Pudong, putting its services for people first

There have been great changes in Pudong over the past 28 years, from the farmland, where nobody wanted to live, to the most sought after strip dotted with skyscrapers. 
Pudong, putting its services for people first
Ti Gong

 Residents jog on the running path around Century Park

Pudong, putting its services for people first
Ti Gong

White-collar workers surf the books on the bookshelves of Lujiazui Library.


Keynotes of high-quality life 

• Modern and international district 

Pudong will build itself a readable, walkable and comfortable district.

• A leap forward in urban and rural integration 

Pudong will step up efforts in improving its rural environment. It will vigorously develop high-end, high-technology, and high-added value modern green agriculture. It will standardize and commercialize local agricultural products and regulate local agricultural market. It will also promote tourism to ancient towns.

• Beautiful and harmonious ecological environment 

Pudong will accelerate the process in building greenbelts and parks. It will make every effort to protect the environment of local wetlands.

• Better social governance and service 

Pudong will build more “doorstep” service stations.


Pudong, putting its services for people first
Ti Gong

A “doorstep” service station in the Shixin neighborhood of Lujiazui


A bed in Puxi is preferable to a room in Pudong” was a popular saying in Shanghai about 30 years ago. It epitomized the sharp contrast of the regions on the east and west sides of the Huangpu River. 

But there have been great changes in Pudong over the past 28 years, from the farmland, where nobody wanted to live, to the most sought after strip dotted with skyscrapers. 

Pudong always puts what people want as a priority. 

One major effort is to build “doorstep” service stations in neighborhoods where people can deal with several administrative affairs and take part in a variety of activities. 

Shixin neighborhood in Lujiazui Subdistrict, is happy to have the comprehensive service station on her doorstep.

 “Previously, it took me about half an hour to go to the social insurance service center to deal with affairs about many medical insurance. But now, it just takes me several minutes,” she said. 

“The service station helps me to deal with so my affairs.
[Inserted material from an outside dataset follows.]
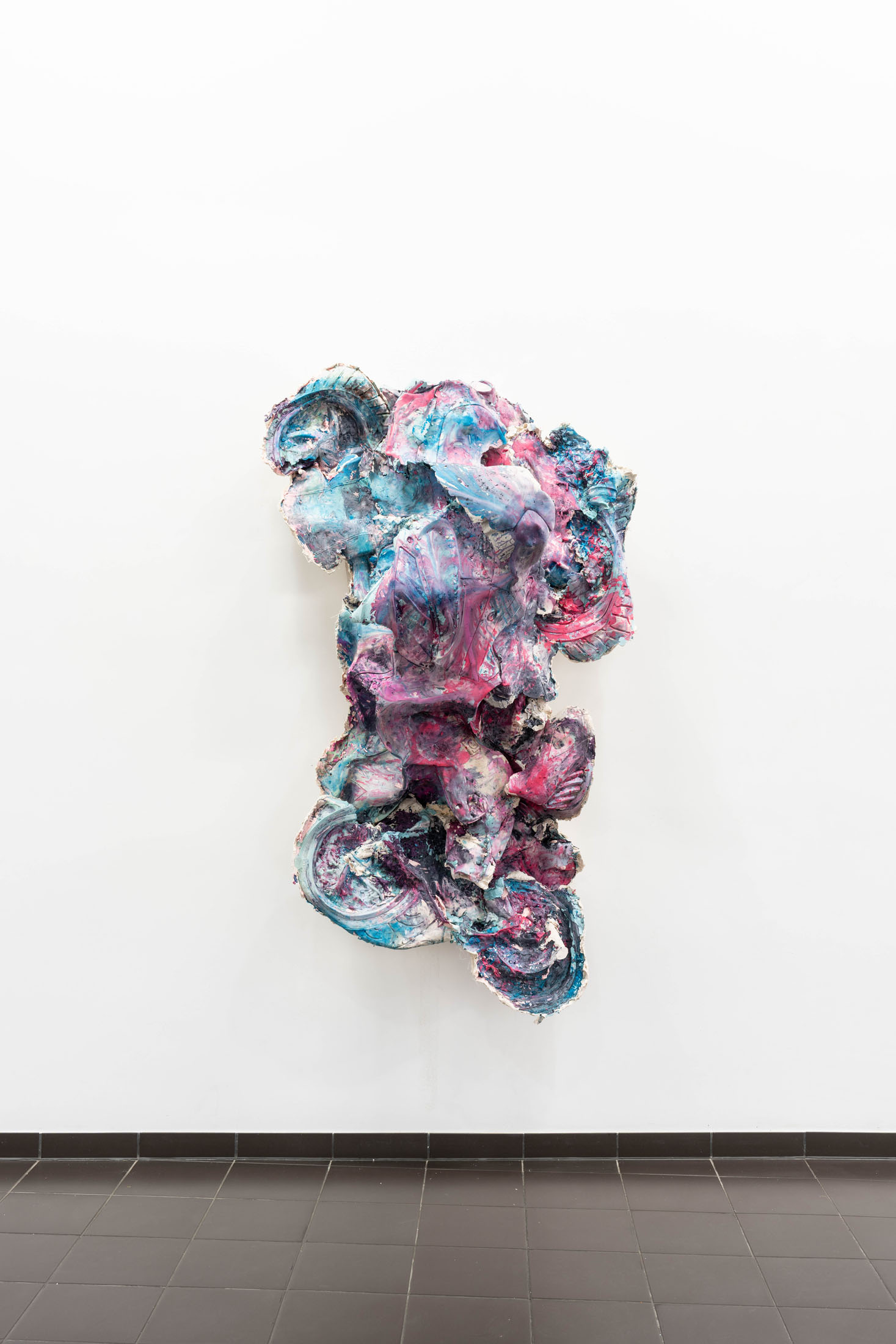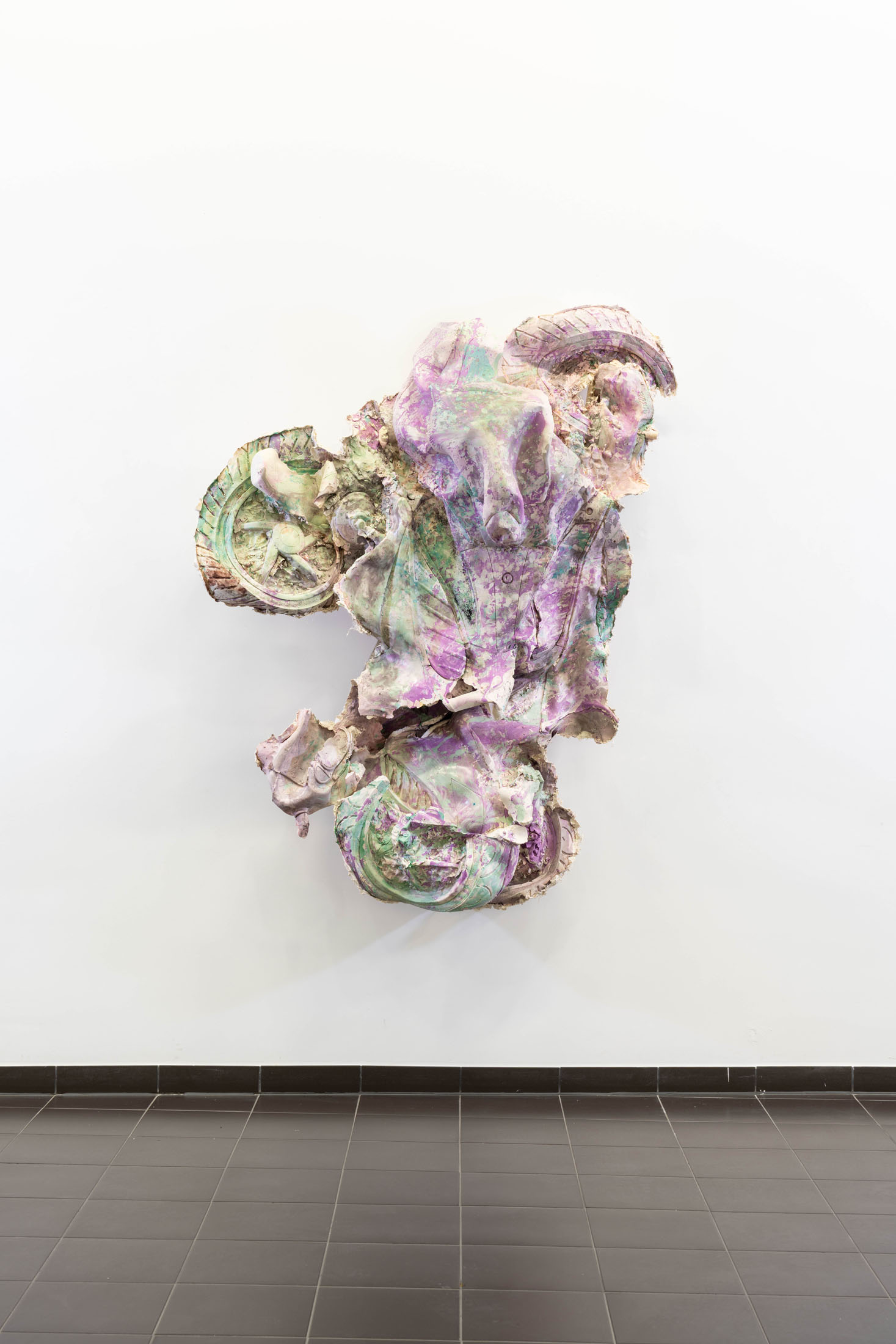 Neumann primarily works with plaster and concrete, casting these materials and coloring them with pigments. As shaping elements, she uses everyday objects that she dismantles, cuts apart, and reassembles in new ways. After casting, she selectively refines the surfaces: some areas are polished to a high gloss, while others are deliberately left rough and unprocessed.

In cases when some affair items are not included, social workers will help me start a video chat with officials in charge of the affairs. So, I don’t need to pay visits to relevant departments.” 

The neighborhood has nearly 4,000 residents and 37 percent of them are aged over 60. 
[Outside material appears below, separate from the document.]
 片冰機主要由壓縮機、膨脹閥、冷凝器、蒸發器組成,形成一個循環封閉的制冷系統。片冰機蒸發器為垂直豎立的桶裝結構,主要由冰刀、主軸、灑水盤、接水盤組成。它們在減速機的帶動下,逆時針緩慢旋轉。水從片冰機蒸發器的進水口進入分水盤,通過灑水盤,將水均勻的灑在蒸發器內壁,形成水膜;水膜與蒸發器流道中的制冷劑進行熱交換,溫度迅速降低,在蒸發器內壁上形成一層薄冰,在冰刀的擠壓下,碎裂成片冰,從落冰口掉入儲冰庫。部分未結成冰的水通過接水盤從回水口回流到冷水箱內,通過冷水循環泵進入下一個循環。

For bed-ridden elders and those living alone, nurses from the service station visit on a regular basis and do physical checkups, such as blood pressure tests. 

The service station has also installed an electronic bell in the homes of elders living alone. 

If they encounter any emergency they can ring the bell to alert volunteers.  

Huang’s neighbor, surnamed Li, 67, also pays frequent visits to the doorstep service station. 

She  used to be a cook and, after retirement, she became obsessed with flower arrangement. 

“I found a new hobby after I retired. I went to the service station to take a flower arrangement class. I had a lot of fun and I made friends,” Li said. 

Across Pudong, a “doorstep” service station is “tailor-made” as to cater to local demands. The service station in Changwu neighborhood, in Zhoujiadu Subdistrict, is open until 8pm as the neighborhood has many white-collar workers. 

In Zicui neighborhood, in Gaohang Town, the local Party secretary was put beside the service station reception desk because local people, mostly less-educated elders, only trust government officials. 

The service stations in Heqing Town sent out “smart bracelets” to 610 elders with dementia. 

The “smart bracelet” can track their movements and upload data to the township government, so officials can find where these elders are if they get lost. 

So far, Pudong has set up 1,285 “doorstep” service stations. 

Another  major effort to create high quality life for local people is to create 15-minute cultural circle that allows people to get to any cultural venue within a 15-minute walk. 

Over years, Pudong has been upgrading grassroots cultural venues. 

Last year, Lujiazui Library reopened as a financial-themed reading venue, with nearly one-fifth of the total 50,000 books being foreign editions.

Sandwiched between the high rises in the city’s bustling Lujiazui financial hub, it is designed to cater to the white-collar workers in the area, many of whom have overseas financial background. 

Along the 22-kilometer stretch of the east bank of the Huangpu River, Pudong has built some “cultural living rooms.” 

The  aim is to create a visitor friendly riverside rich in cultural ambience. 

Every kilometer, there stands a wangjiangyi, literally “a posthouse facing the river.” 

Built in the style of a cottage, with a glass façade, they are more than just a place for people to take a seat and have a rest. They also act as “cultural living rooms” for locals and “scenic spots” for tourists. 

Some grand cultural venues such as the Pudong Art Museum, Shanghai Planetarium and east branch of the Shanghai Library will be completed in 2020. 

Besides, Pudong has launched renovation campaigns in its old neighborhoods to improve the environment, upgrade people’s living conditions and bring neighbors closer. Pocket gardens were inserted in downtown neighborhoods and waterways in rural areas have been cleaned.